DIMINISHED CAGE EFFECT IN ${p}$-H$_{2}$: IR IDENTIFICATION OF INTERMEDIATES IN ADDITION REACTIONS OF CL ATOM WITH UNSATURATED HYDROCARBONS

Abstract

We report infrared absorption spectra of several free radicals produced upon reaction of Cl atoms with unsaturated hydrocarbons isolated in solid ${p}$-H$_{2}$. Cl atoms were produced by in situ photodissociation of Cl$_{2}$ isolated in solid ${p}$-H$_{2}$ at 365 nm. In experiments with the Cl$_{2}$/C$_{6}$H$_{6}$/${p}$-H$_{2}$ matrices, intense absorption features at 617.0, 719.8, 956.0, and 1430.5 cm$^{-1}$ and weaker ones at 577.1, 833.6, 876.8, 833.6, 983.0, 993.5, 1008.0, 1026.4, 1112.5, 1118.5, 1179.0, 1406.5, 1509.4, 2967.2, 3054.3, 3063.4, 3070.9, and 3083.9 cm$^{-1}$ appeared upon irradiation of the matrix at 365 nm and increased in intensity upon subsequent annealing of the matrix at 4.8 K for a few minutes.
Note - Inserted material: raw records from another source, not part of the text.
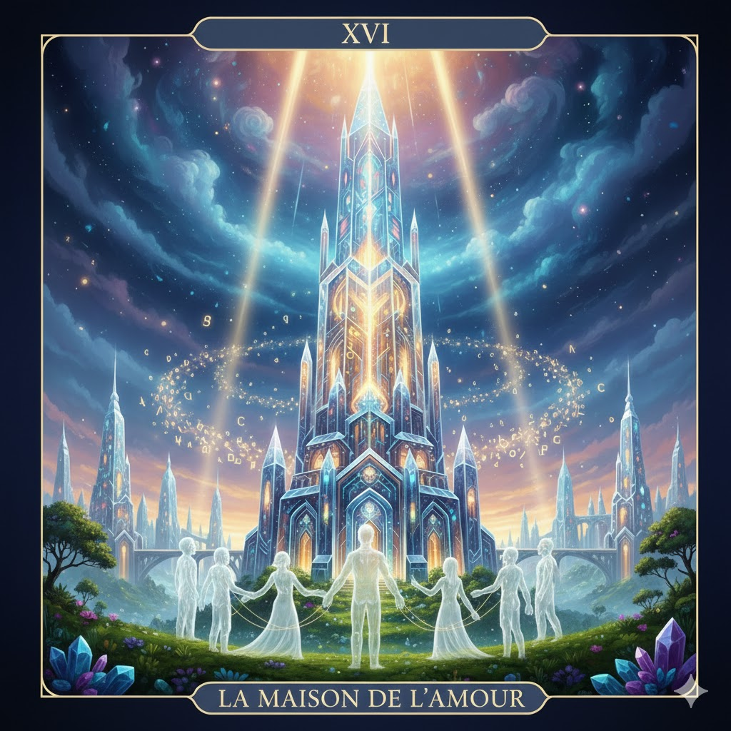 Dans le Tarot du Paradis, l’Arcane XVI n’est plus le symbole d’une destruction, mais celui d’une révélation. Elle représente la « Maison de Dieu » enfin rendue transparente. Après l’effondrement nécessaire de l’arrogance (la Faillite vécue dans l’Innocence), la structure se reconstruit en cristal et en lumière. Elle devient la demeure où le ciel et la terre communiquent sans entrave.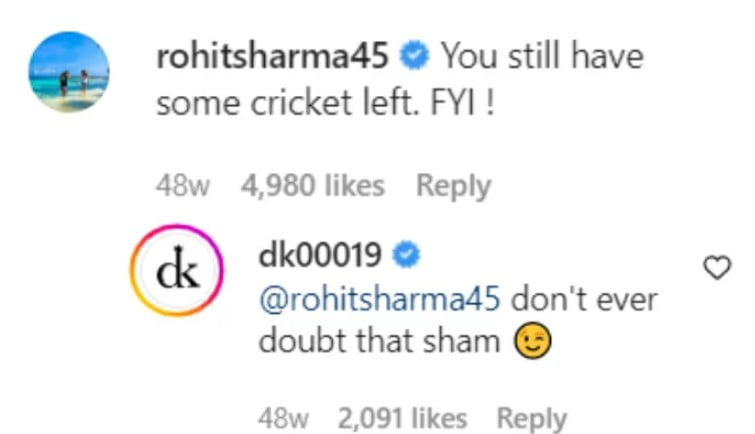 After his heroics from the recently concluded game, his conversation with Rohit Sharma, from 2021, has resurfaced on social media. Dinesh Karthik had posted a picture of himself, captioning it “Just me being me” with the ‘blessed’ emoticon. To which Rohit Sharma had replied, “You still have some cricket left. FYI!”. Karthik responded to Sharma’s message and said “Don’t ever doubt that sham” with the wink emoticon.
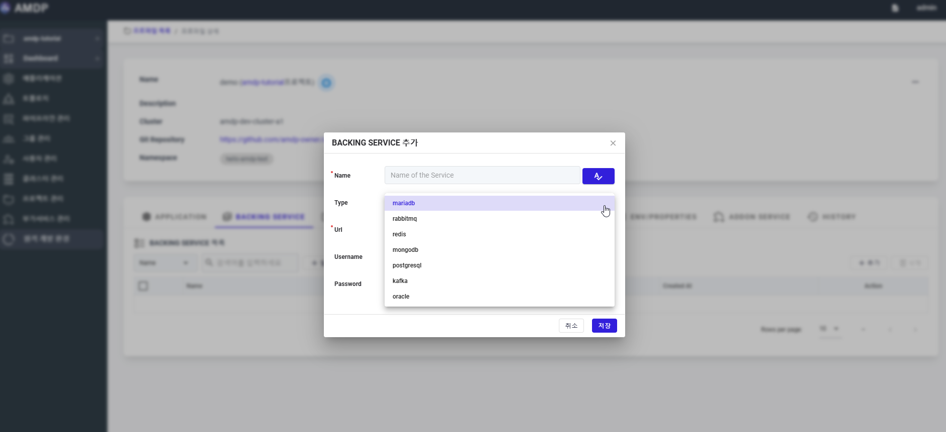To create a new backing service, access to Backing tab. On the Backing Service list screen, select button ADD: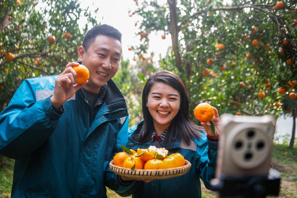 15日、かんきつ類をライブ配信で販売する農家。(重慶=新華社記者/唐奕)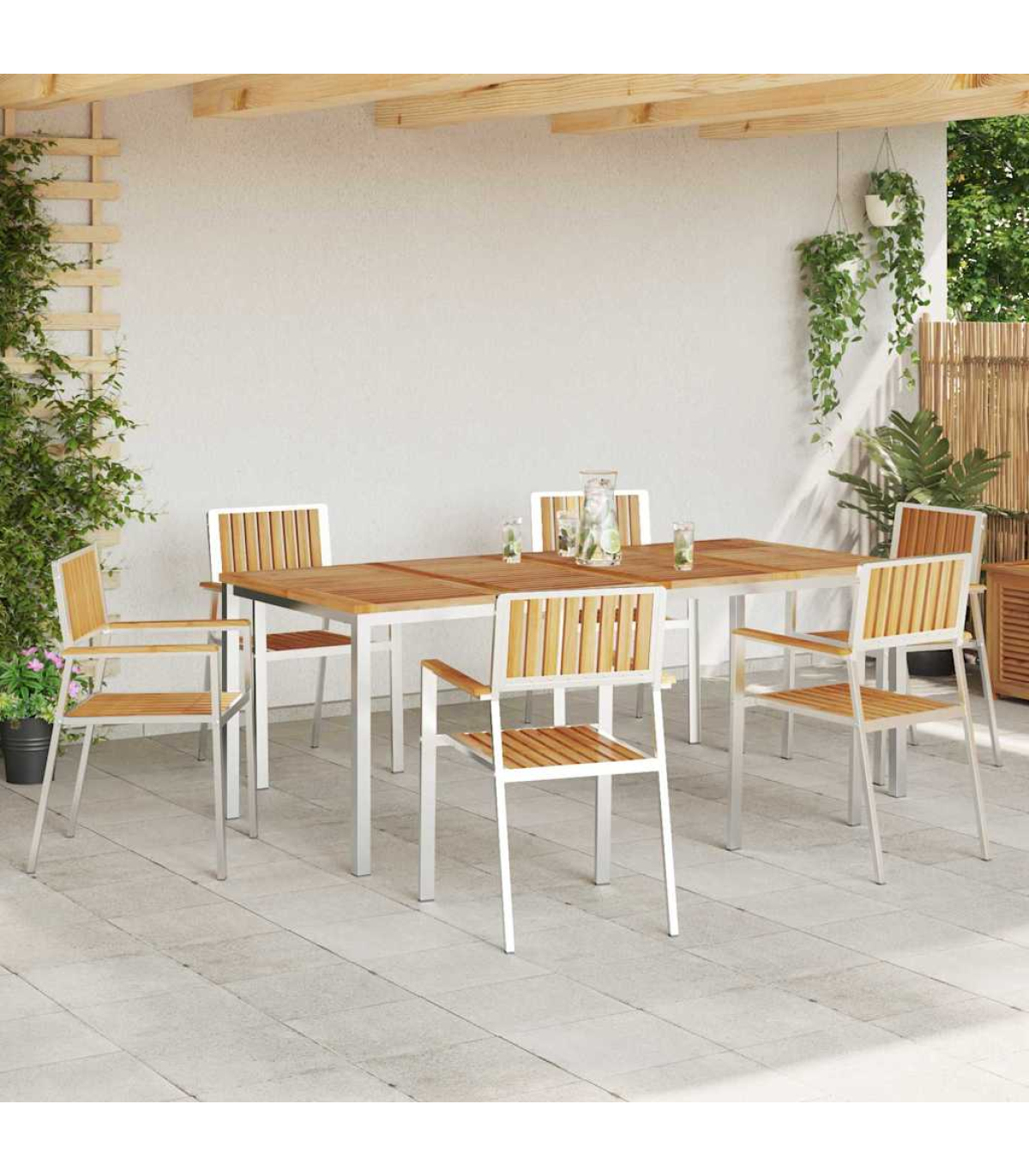 This eye-catching Modern Outdoor Dining Set creates a chic seating area in your garden or terrace, crafted to make your outdoor living more enjoyable. Its sleek design focuses on simplicity and functionality with smooth lines and minimal detail, making it a top choice for modern homeowners who want both practicality and style outdoors. Whether you’re hosting your next alfresco dinner or garden party, this set comfortably suits gatherings in a contemporary way, soaking up the sun and nature around you. Materials: Built with top-quality stainless steel, this dining set is super tough and resistant to wear and tear, standing strong against outdoor elements. Its shiny finish gives off a stylish, modern vibe that fits right into any garden, looking good season after season. Included Components: The set boasts strong stainless steel arms and legs, delivering a solid base alongside its robust frame. The practical design makes it comfy for multiple guests, with armrests that enhance the outdoor dining experience. Features / Function / Design: This dining set showcases high-quality construction, meant to last under heavy use and outdoor conditions. Crafted with care, it not only ensures durability but also invites outdoor fun regardless of the weather. Recommended Uses: Tailored solely for outdoor use, it's perfect for gardens and terraces, welcoming brunches or festive dinners in a modern setting. Whether you're sharing a meal with family or entertaining friends, it adapts easily to all sorts of occasions. Care & Maintenance: To keep it looking and functioning at its best, you might want to use a cover when it's not in use. Just a quick wipe down with a gentle cloth will clear away any marks or spills, ensuring it stays the star of your gatherings for years to come.

By comparison of vibrational wavenumbers and deuterium isotopic shifts predicted with the B3PW91 and MPW1PW91/aug-cc-pVTZ methods, these features are readily assigned to the $\sigma$-complex of ClC$_{6}$H$_{6}$ (chlorocyclohexadienyl radical), rather than the previously proposed $\pi$-complex. In experiments with the Cl$_{2}$/C$_{2}$H$_{2}$/${p}$-H$_{2}$ matrices, the 1-chloroethyl radicals (CHClCH$_{3}$) and chloroethene (C$_{2}$H$_{3}$Cl) are identified as the main products of the Cl + C$_{2}$H$_{2}$ reaction in solid ${p}$-H$_{2}$. The assignments of IR absorption lines at 738.2, 1027.6, 1283.4, 1377.1, 1426.6, 1442.6, and 2861.2 cm$^{-1}$ to 1-chloroethyl radicals are based on comparison of the observed vibrational wavenumbers and $^{13}$C- and D-isotopic shifts with those predicted with the B3LYP and MP2/aug-cc-pVDZ methods. These results indicate that the primary products of the addition reaction Cl + C$_{2}$H$_{2}$, the 2-chlorovinyl radicals, are unstable; they react readily with ${p}$-H$_{2}$ to form CHClCH$_{3}$ and C$_{2}$H$_{3}$Cl. If time permits, other examples such as Cl + 1, 3-butadien and H + C$_{6}$H$_{6}$ or C$_{6}$H$_{5}$Cl will be discussed. These results serve as excellent examples to demonstrate that the diminished cage effect of solid ${p}$-H$_{2}$ makes production of free radicals via bimolecular reactions feasible.